# Missing black cat - 3 years old



## Gemma culliss (Sep 20, 2012)

We've recently been on holiday and a neighbour was feeding our cats, i have brother and sister only 3years old. She is very outgoing tortie, and he is a very timid black cat if we have guests over he goes out etc. he has not returned home although we've been shouting him, the tortie sidter doesnt seem to be fretting at all shes eating sleeping comin ans going as normal. Could he still be around the area? Has anyone experienced this before?


----------



## welshjet (Mar 31, 2011)

Hi, sorry to read your post, hope you find him soon.

Have you read the sticky in cat chat

http://www.petforums.co.uk/cat-chat/141450-what-do-when-you-lose-cat.html

Pop your post in cat chat as well, if you say roughly what area your in, there may be members also from that area that could keep a look out for you

Clare x


----------



## SidBMartin (Sep 25, 2012)

A cat is very excellent in finding way back to its home. I think that sooner or later it will be back home if he want go back


----------



## Summersky (Aug 11, 2012)

I expect he is still in the area, and hasn't gone too far. he has probably found somewhere cosy to stay. 

Have you tried putting posters through all your neighbours doors, asking them to look out for him, and to get in touch if they have any information.

put a photo on the poster if you can.

Ask people to check their garages, sheds and outhouses, and do this quite quickly, in case he has sneaked in somewhere and got stuck.

Good luck


----------



## Calvine (Aug 20, 2012)

Gemma culliss said:


> We've recently been on holiday and a neighbour was feeding our cats, i have brother and sister only 3years old. She is very outgoing tortie, and he is a very timid black cat if we have guests over he goes out etc. he has not returned home although we've been shouting him, the tortie sidter doesnt seem to be fretting at all shes eating sleeping comin ans going as normal. Could he still be around the area? Has anyone experienced this before?

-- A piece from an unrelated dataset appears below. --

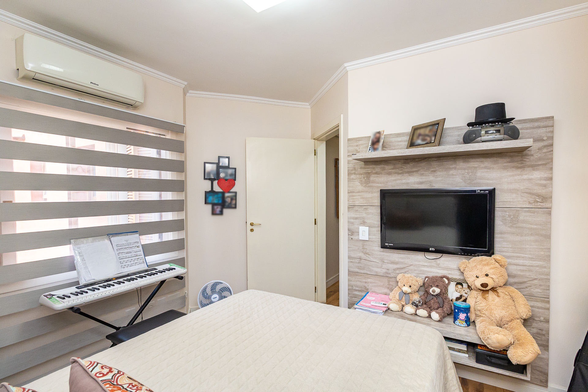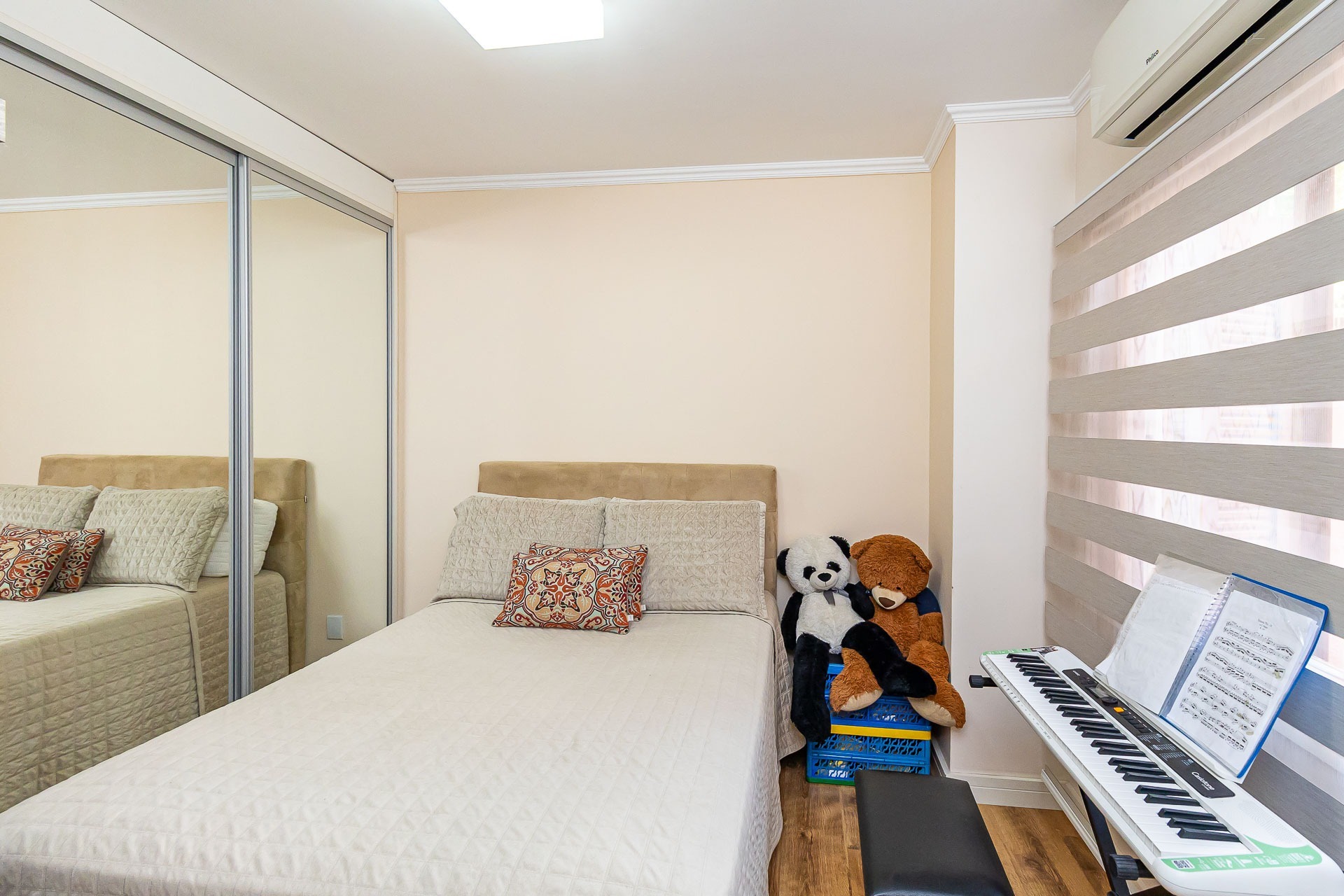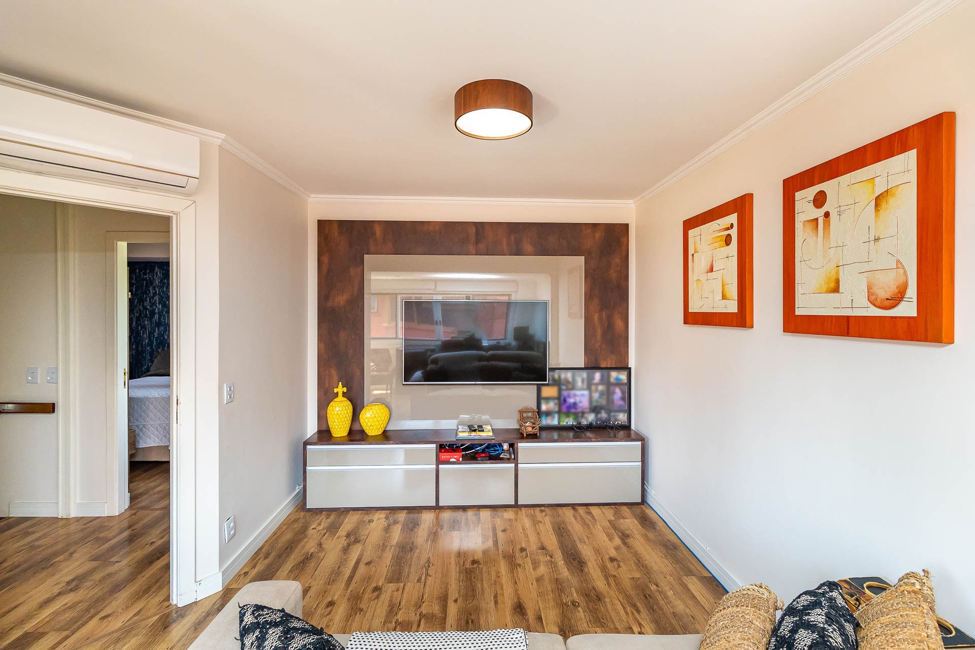 Apartamento mobiliado com 2 dormitórios, sendo 1 suíte, com 88m² de área privativa e 2 vagas de garagem. Amplo living com cozinha americana, churrasqueira e área de serviço. Prédio com salão de festas, fitness, portaria 24 h. Excelente localização!

My friend has a cat who moves out every time the cat sitter moves in. She comes back when she's hungry, my guess is that he is still in the area, quite likely watching the house to double check that all is clear. That's what Susan (my friend's cat) does.


----------



## Gemma culliss (Sep 20, 2012)

Thank you for your posts!! Hes stil not returned will post some posters and grt my neughbours to check sheds etc, although my other cat is now seeming a little clingy


----------